Here is a step-by-step guide:
### Step 1: Understand the Equation
The equation of the line is given in the slope-intercept form [tex]\( y = mx + b \)[/tex], where:
- [tex]\( m \)[/tex] is the slope of the line.
- [tex]\( b \)[/tex] is the y-intercept (the point where the line crosses the y-axis).
For the equation [tex]\( y = -x - 3 \)[/tex]:
- The slope [tex]\( m \)[/tex] is -1.
- The y-intercept [tex]\( b \)[/tex] is -3.
### Step 2: Plot the y-intercept
Find the y-intercept of the line on the graph. This is the point where the line crosses the y-axis (i.e., when [tex]\( x = 0 \)[/tex]).
For our equation:
- When [tex]\( x = 0 \)[/tex], [tex]\( y = -3 \)[/tex].
So, plot the point (0, -3) on the graph.
### Step 3: Use the Slope to Find Another Point
The slope of -1 means that for every 1 unit increase in [tex]\( x \)[/tex], [tex]\( y \)[/tex] decreases by 1 unit.

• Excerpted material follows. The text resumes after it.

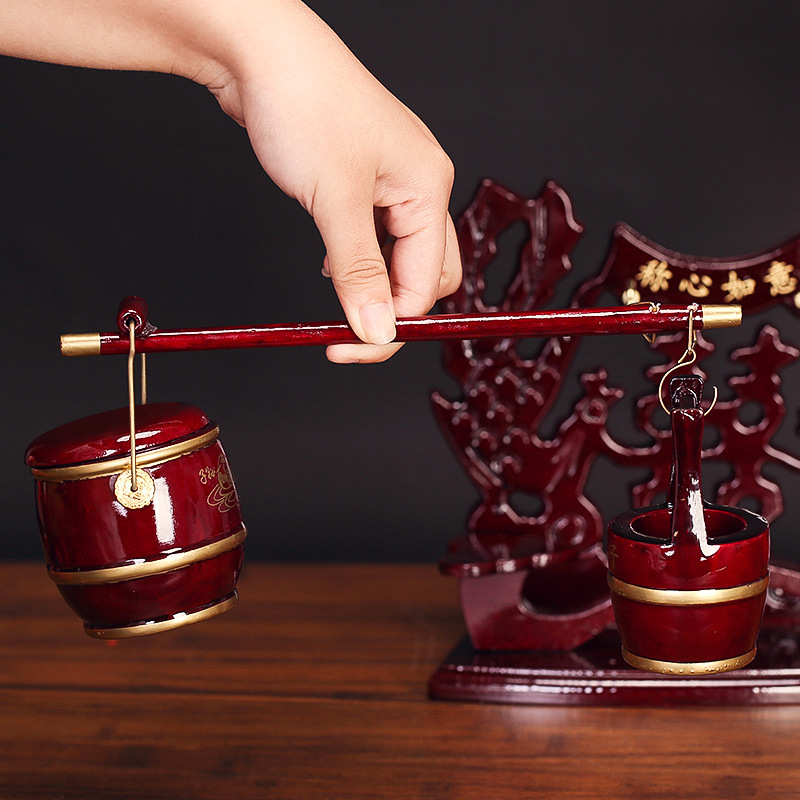 Zi Sun 버킷 3 피스 세트 단단한 나무 마호가니 색상 작은 세트 웨딩 웨딩 화장실 동심 잠금 지참금 지참금 장식품

Starting from the y-intercept (0, -3):
- Increase [tex]\( x \)[/tex] by 1 unit (thus, [tex]\( x = 1 \)[/tex]).
- Decrease [tex]\( y \)[/tex] by 1 unit (thus, [tex]\( y = -4 \)[/tex]).
So, the point (1, -4) is another point on the line. Plot this point on the graph.
### Step 4: Draw the Line
Now, draw a straight line through the points (0, -3) and (1, -4). Extend this line in both directions to cover the graph.

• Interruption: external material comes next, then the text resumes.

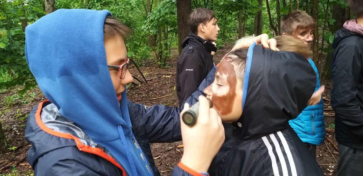 Dzisiaj rozpoczęliśmy lekcją survivalu. Instruktor pokazał nam jak filtrować wodę i rozpalać ognisko. Następnie graliśmy całą grupą w Mafię. Dziś również rozegraliśmy mecz paintballowy. Po obiedzie odbyły się zajęcia taktyki i strategii, na których poznaliśmy różne komendy i ustawienia grupy. Po kolacji wyruszyliśmy do lasu na misje Tropami Wodza.

### Step 5: Label the Graph
Don't forget to label your axes and the line itself. Here is a summary of the points you have identified:
- y-intercept at (0, -3)
- Another point at (1, -4)
Your graph should now look like this:
[tex]\[ \begin{array}{c|cr} x & y = -x - 3 \\ \hline 0 & -3 \\ 1 & -4 \end{array} \][/tex]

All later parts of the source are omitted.